Lawyers evoke strong emotion. They can be the brunt of jokes, lauded as heroes, or derided as unethical. They are both the person who imprisons you and the person who defends you against imprisonment. That juxtaposition serves as the basis for a poem titled “The Lawyer” in the Cummins Journal, published in 1972 by someone who signed their work only by their prisoner number, “ADC# 59331.”
“And he addressed the trembling prisoner
In a coat of deep-fried sin.
Why, he painted him all over
In a hue of the blackest crime;”
While the first stanza represented the prosecution, the second represents the defense. Both advocates are somehow describing the same man.
“Then, the other lawyer started
And with brimming, tearful eyes,
Said his client was a martyr
That was brought to sacrifice.”
Life at Arkansas’ Cummins Unit was hard. Forced to pick cotton in the fields, K.W. Heath penned a poem on the previous page titled “Rehabilitation” where he laments the stench of unwashed bodies while waiting for parole.
William B. Bradley’s poem “Have You,” found in the same issue, speaks to the pain of incarceration and, apparently, of having a life sentence.
“Have you ever watched the sun go down,
Behind these prison walls?
And have you watched the sun come up,
Feel your life slip away?
Cause I am living a life filled with sorrow,
I am living a life filled with pain.
How long can I go on with no hope to go home?

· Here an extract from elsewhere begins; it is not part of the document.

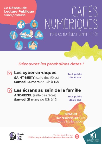 En partenariat avec l'association Esprit Qui Clic, le Réseau de Lecture Publique de la CCBRC vous propose deux ateliers gratuits autour du numérique dans votre quotidien afin de vous aider à mieux comprendre vos usages numériques et prévenir les dérives.

But I am living the life just the same.”
In a 2002 issue of the Long Line Writer, to which the Cummins Journal was a predecessor, there is an account of brutal whippings if the incarcerated people forced to pick cotton didn’t hit their quota. Also stated in that issue is that in the early 1970s—at the time this poetry was written—that some prisoners had been armed with guns to act as overseers for other incarcerated workers picking cotton. The conditions didn’t preclude creative expression through poetry, even if that poetry is often tinged with darkness.